当時のドイツ軍と親衛隊の主力戦車であったIII号戦車とIV号戦車は装甲が薄く、F-22やF-22USVの徹甲弾で十分対抗可能であったが、突然の奇襲と大粛清の際に多数の将官、佐官を粛清したことによる戦術の稚拙さなどが原因で多くのF-22とF-22USVが破壊されるかドイツ軍に鹵獲されて失われた。赤軍は、部隊再編成のために補充用の野砲を緊急に多数導入する必要に迫られ、さらに、戦争序盤でT-34やKV-1の重装甲に手こずったドイツが、装甲と火力に勝る重戦車を開発して投入することも時間の問題と考えられた。
ZiS-3は1941年に完成したが、赤軍はF-22USVの増産を優先させる方針をとったため、ZiS-3はトライアルも行われないまま公式には製造中止とされてしまった。しかし、F-22USVはコストが高く(ZiS-3の1.5倍)、砲架の制作過程も複雑だったためになかなか数がそろわなかった。このため、スターリンはドイツ戦車に対抗可能なあらゆる砲の生産を許可するとの指令を出したので、ようやく日の目を見ることができた。1942年2月には5日間のトライアルが行われ、それをほぼ完璧にクリアしたZiS-3は、1942年型76mm師団野砲として制式採用された。
概要
[編集]ZiS-3は、ZiS-2 57mm対戦車砲の砲架にF-22USV 76mm野砲の砲身と駐退復座機を搭載する形で開発された。砲架が軽量になったことにより発砲時に転倒する危険があったので、砲口には76mm級の師団野砲としては初めてマズルブレーキが装着された。さらに、ZiS-2対戦車砲の砲架は、左右角調整ハンドルと仰俯角調整ハンドルが砲の左側に集中しており、照準調整が1人で行えるようになった。仰角がF-22やF-22USVと比較して浅くなっているが、野砲や対戦車砲としての運用には全く問題はなかった。さらに、コスト面においても砲架の構造が簡略化されたため、調達コストはF-22USVの2/3にまで低下した。

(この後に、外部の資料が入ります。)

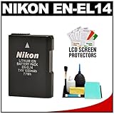 Kit includes: ♦ 1) Nikon EN-EL14 Rechargeable Li-ion Battery ♦ 2) Precision Design Deluxe 6-Piece Lens & Digital SLR Camera Cleaning Kit ♦ 3) Digital Camera LCD Monitor Screen ProtectorsProvide your camera an extra 1030mAh of power, this spare EN-EL14 will not put constraints on how you want to shoot and can be typically charged over 1000 times.

それまでのソ連軍の榴弾砲や野砲は仰俯角調節ハンドルが右側についていたため、照準調整は2人で行う必要があった。ドイツ軍と武装親衛隊が鹵獲したF-22野砲を7.62 cm PaK 36(r)に改造する際にも仰俯角調整ハンドルを左側に移している。
砲弾
[編集]ZiS-3には、対戦車用の徹甲弾としてBR-350A徹甲榴弾とBR-350SP徹甲弾が用意されていた。この他にも榴弾、榴散弾、焼夷弾、煙幕弾、毒ガス弾が製造され、戦後には成形炸薬弾も開発された。
BR-350A徹甲榴弾の装甲貫徹能力
- 100m:67mm(入射角60°)、82mm(入射角90°)
- 500m:61mm(入射角60°)、75mm(入射角90°)
- 1000m:55mm(入射角60°)、67mm(入射角90°)
- 1500m:49mm(入射角60°)、60mm(入射角90°)
- 2000m:43mm(入射角60°)、53mm(入射角90°)
運用
[編集]ZiS-3は、1個師団あたり1個大隊12門(3個中隊で編成)が配備されたほか、6個中隊24門で編成される独立対戦車連隊にも配備された。ZiS-3は、主に直接火力支援に投入されたが、パックフロントと呼ばれる対戦車砲陣地に配備したり巧妙な陣地構築と偽装による待ち伏せで対戦車戦闘にも従事した。さらに、車両搭載型のZiS-3Shが、SU-76の主砲として使用されている。着弾後に発射音が聞こえる高初速から、ドイツ軍からは「ラッチュ(擦過音)・ブム(発射音)」と呼ばれて恐れられた。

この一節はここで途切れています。